FURTHER ORDERED that this action be and it hereby is dismissed.

. Two other bids were also received. Complaint II9.

. Defendants also agreed that it was unlikely that the contract would be issued before the end of 1988 and, if any action were imminent, they would provide plaintiffs counsel with 48 hours' notice to allow him to seek temporary relief. Id.

. The amended complaint also slightly altered TSSI’s prayer for relief to add a 51500 claim for the costs it incurred in preparing its bid on the Williams contract.

. American Horse Protection Association v. Lyng, 812 F.2d 1, 5 (D.C.Cir.1987) (quoting Professional Drivers Council v. Bureau of Motor Carrier Safety, 706 F.2d 1216, 1220 (D.C.Cir.1983)).

. TSSI does not dispute these standards of review. See Plaintiffs Motion for Summary Judgment (PI. Motion) at 5, 10-11.
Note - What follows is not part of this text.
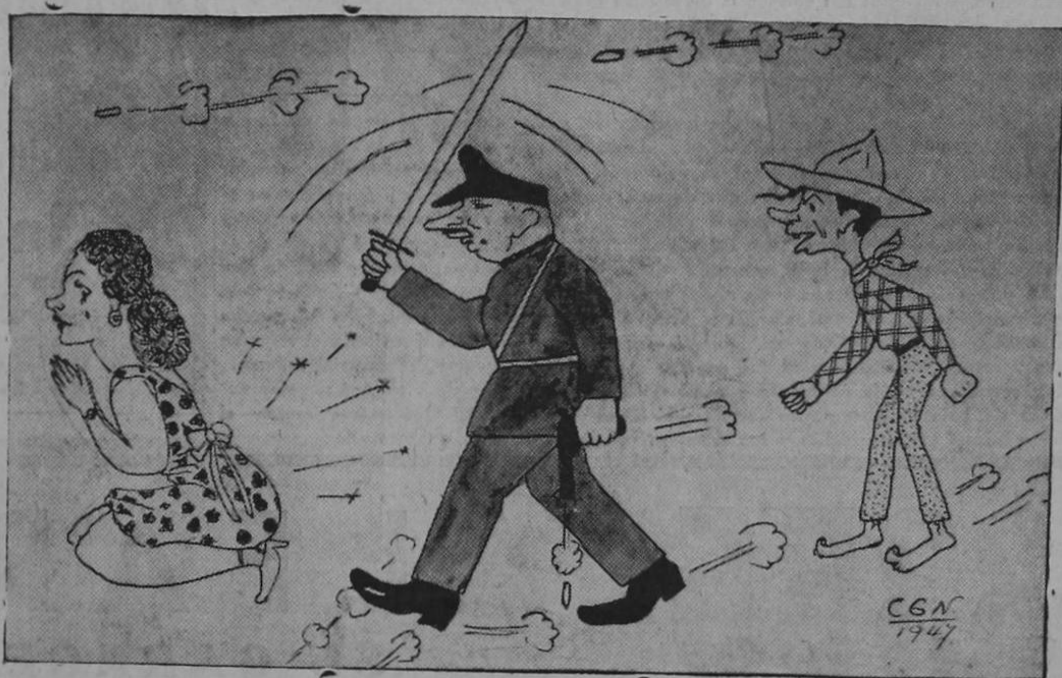
Estas son las libertades de que disfruta Costa Rica en la fecha de su "independencia" (FINAL DE LA MANIFESTACION DE DAMAS DEL 2 DE AGOSTO)

Hace muy poco tiempo, el comunismo emprendió una gran campaña para botar al Secretario de Fomento. En los periódicos, y en el Congreso, se oyeron — (Pasa a la Pág. CINCO)

. Unless otherwise noted, all regulations cited are from Part 48 of the Code of Federal Regulations and shall be referred to as "section

. The information was submitted to the contracting officer by base officials after they learned that TSSI was low bidder on the radio contract. AR 11.

. Section 9.104-3(c) provides:

A prospective contractor that is or recently has been seriously deficient in contract performance shall be presumed to be nonrespon-sible, unless the contracting officer determines that the circumstances were properly beyond the contractor's control or that the *633contractor has taken appropriate corrective action.

. In any event, a ruling to the contrary would be of no aid to TSSI because, as discussed infra, the Court has determined that the SBA’s competency decision was justified and correct and such SBA decisions are binding on procurement agencies, see 13 C.F.R. § 125.5(j). The issue has been addressed, however, because it had been extensively briefed and argued by the parties.

. The recommendation was unanimously accepted on November 28, 1988 by a three-member COc Regional Review Committee and by the SBA’s Assistant Regional Administrator for Procurement Assistance. AR 297-99.

. See May 24, 1983 letters to TSSI attached to December 31, 1988 Affidavit of James L. Leather; June 16, 1987 letter from James E. Watt attached to December 31, 1988 Affidavit of James E. Watt.

. See section 9.103(c) (“The award of a contract to a supplier based on lowest evaluated price alone can be false economy if there is subsequent default, late deliveries, or other unsatisfactory performance resulting in additional contractual or administrative costs”).

. In light of this disposition, TSSI has failed to show that it is entitled to its bid preparation and filing costs because its bid was not considered honestly and fairly. In addition, the Court need not and does not consider defendants’ arguments that TSSI may not obtain mandamus or *635injunctive relief in this action. See Def. Motion at 2-4 & n. 1. But with respect to the latter point, see Ulstein Maritime, Ltd. v. United States, 833 F.2d 1052 (1st Cir.1987); San Antonio General Maintenance v. Abdnor, 691 F.Supp. 1462 (D.D.C.1987) (Green, Joyce Hens).